If the image of the point `P(1,-2,3)` in the plane, `2x+3y-4z+22=0` measured parallel to the line, `x/1=y/4=z/5` is `Q` , then `P Q` is equal to : `sqrt(42)` (2) `6sqrt(5)` (3) `3sqrt(5)` (4) `3sqrt(42)`

To find the length of \( PQ \) where \( P(1, -2, 3) \) is a point and \( Q \) is its image in the plane \( 2x + 3y - 4z + 22 = 0 \) measured parallel to the line \( \frac{x}{1} = \frac{y}{4} = \frac{z}{5} \), we can follow these steps: ### Step 1: Write the parametric equations of the line The line is given in the symmetric form \( \frac{x}{1} = \frac{y}{4} = \frac{z}{5} \).
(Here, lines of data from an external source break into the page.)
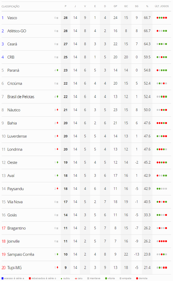 Terminada a 14ª rodada do Campeonato Brasileiro da Série B 2016, o Vasco, que perdeu para o Avaí por 2 a 1, segue na liderança da competição, porém agora não mais de forma isolada e sim devido ao critério do número de vitórias (9 contra 8 do vice-líder Atlético-GO). A diferença para o 5º colocado (agora o Paraná), que era de 7 pontos, caiu para 5 pontos.
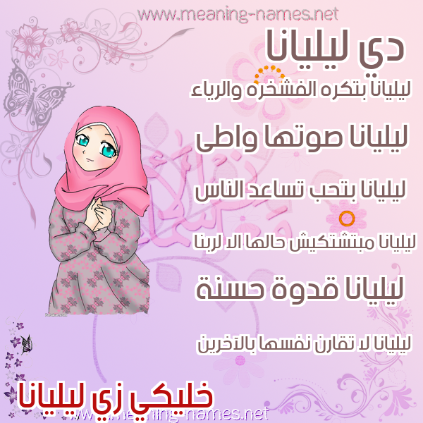 صور اسم ليليانا في قاموس المعاني و الأسماء
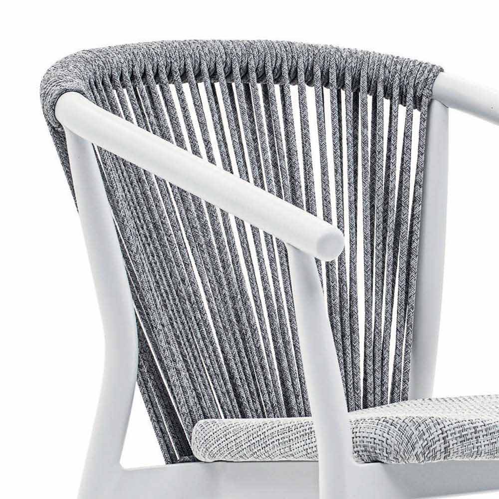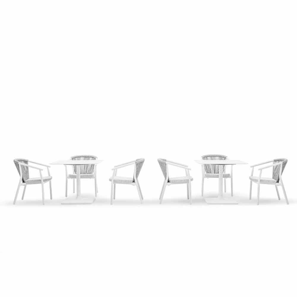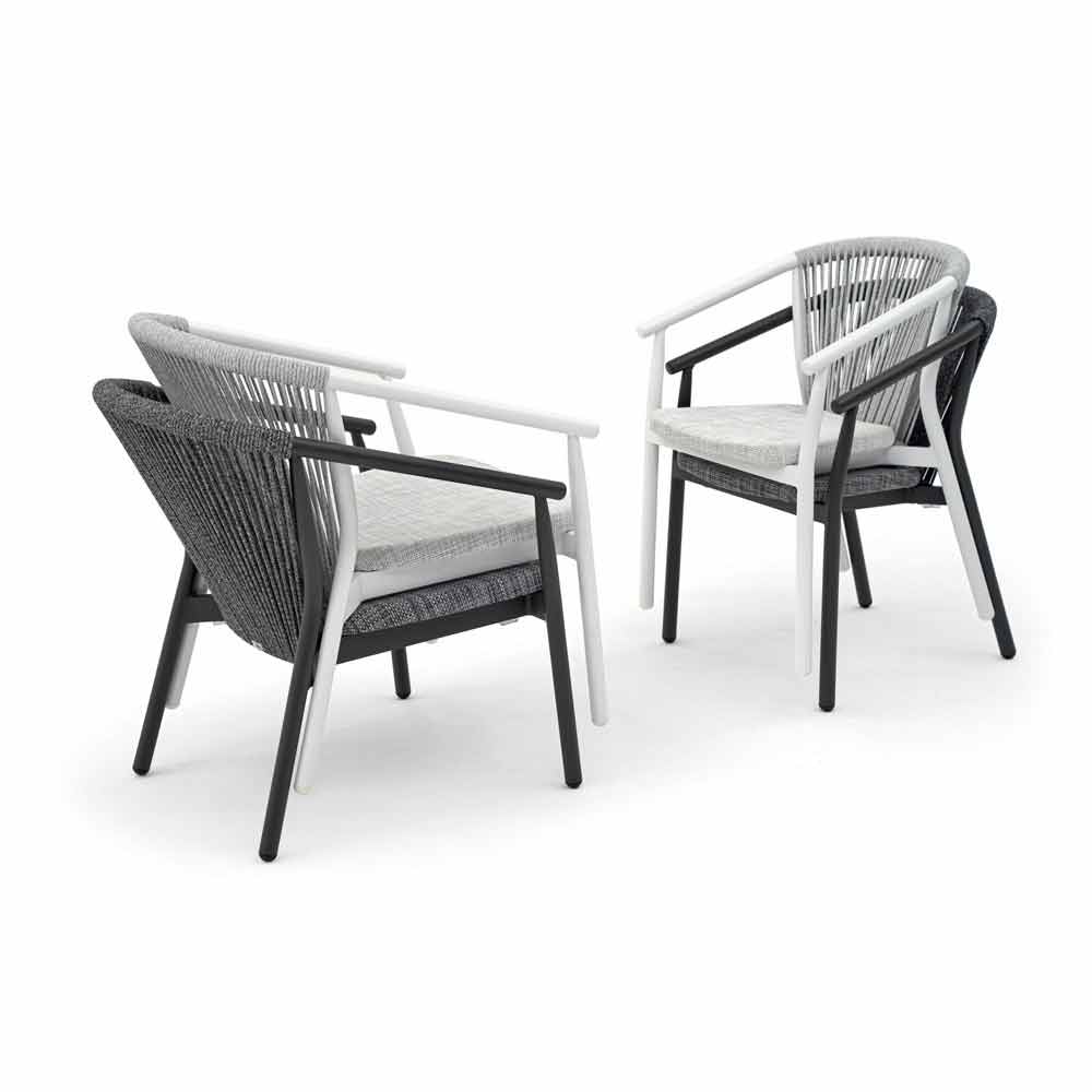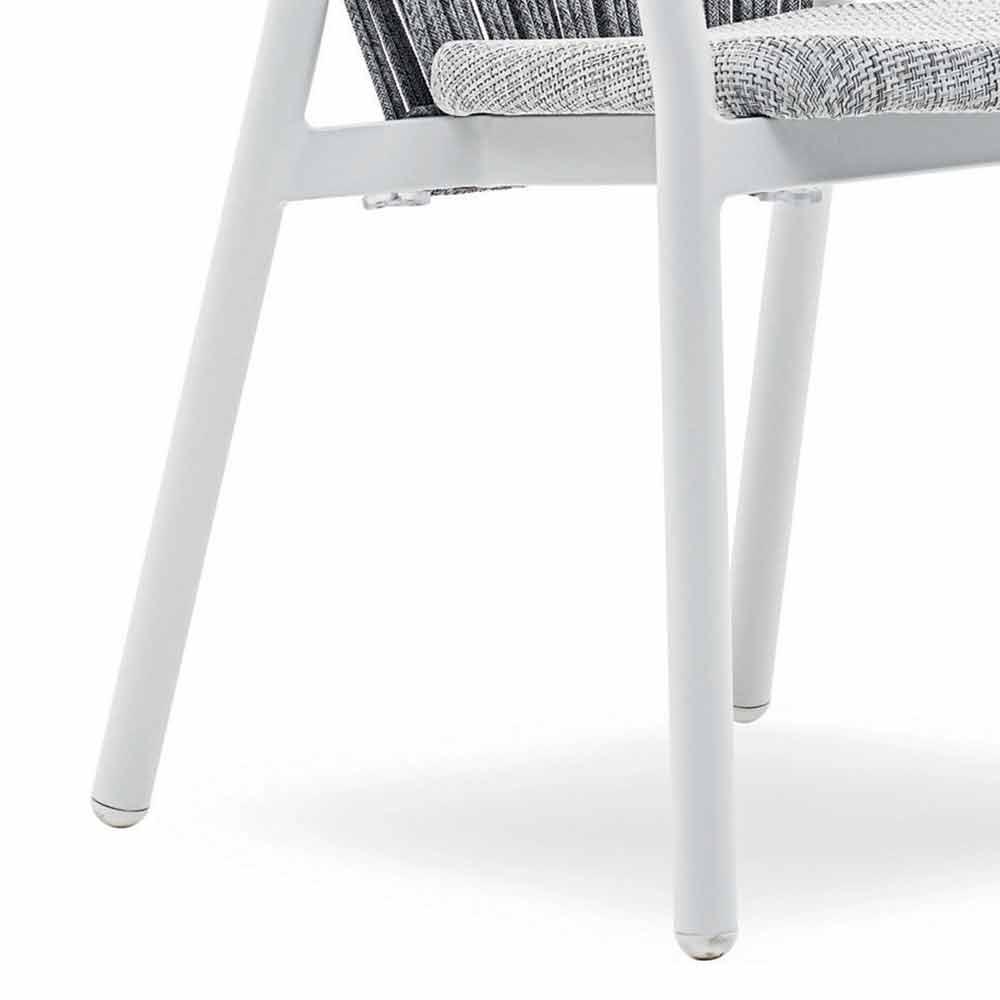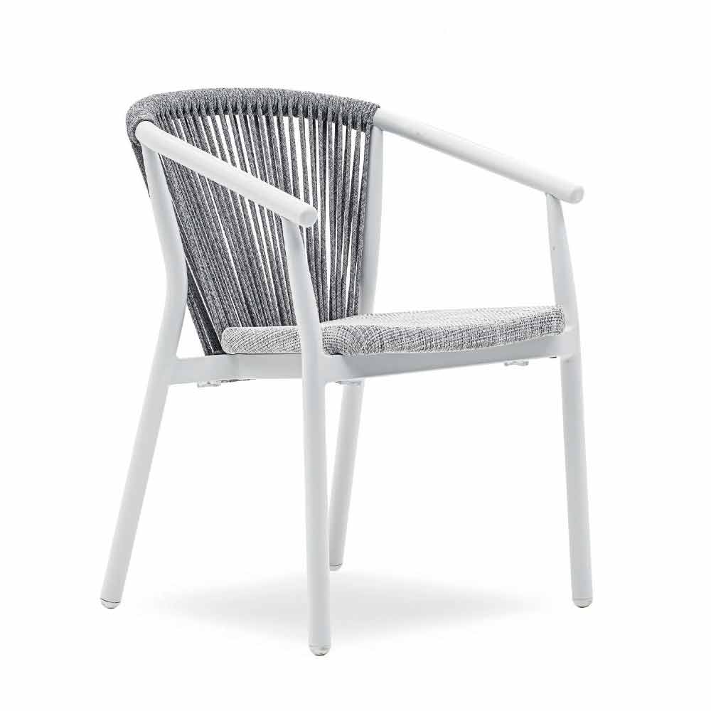 Stapelbarer Gartenstuhl im modernen Design mit Aluminiumbasis und Sitz aus weißem oder aschefarbenem technischen Stoff.

We can express this in parametric form: - Let \( \lambda \) be the parameter. - Then, the parametric equations are: \[ x = \lambda + 1, \quad y = 4\lambda - 2, \quad z = 5\lambda + 3 \] ### Step 2: Substitute into the plane equation Since point \( R(\lambda + 1, 4\lambda - 2, 5\lambda + 3) \) lies on the plane, we substitute these coordinates into the plane equation \( 2x + 3y - 4z + 22 = 0 \): \[ 2(\lambda + 1) + 3(4\lambda - 2) - 4(5\lambda + 3) + 22 = 0 \] Expanding this: \[ 2\lambda + 2 + 12\lambda - 6 - 20\lambda - 12 + 22 = 0 \] Combining like terms: \[ (2 + 12 - 20)\lambda + (2 - 6 - 12 + 22) = 0 \] This simplifies to: \[ -6\lambda + 6 = 0 \] Thus, solving for \( \lambda \): \[ \lambda = 1 \] ### Step 3: Find the coordinates of point \( R \) Substituting \( \lambda = 1 \) back into the parametric equations: \[ x = 1 + 1 = 2, \quad y = 4(1) - 2 = 2, \quad z = 5(1) + 3 = 8 \] So, the coordinates of point \( R \) are \( (2, 2, 8) \). ### Step 4: Calculate the distance \( PR \) Using the distance formula between points \( P(1, -2, 3) \) and \( R(2, 2, 8) \): \[ PR = \sqrt{(2 - 1)^2 + (2 - (-2))^2 + (8 - 3)^2} \] Calculating each term: \[ = \sqrt{(1)^2 + (4)^2 + (5)^2} = \sqrt{1 + 16 + 25} = \sqrt{42} \] ### Step 5: Find the distance \( PQ \) Since \( R \) is the midpoint of \( P \) and \( Q \), we have: \[ PQ = 2 \cdot PR = 2 \cdot \sqrt{42} = 2\sqrt{42} \] ### Final Answer Thus, the length of \( PQ \) is \( 2\sqrt{42} \).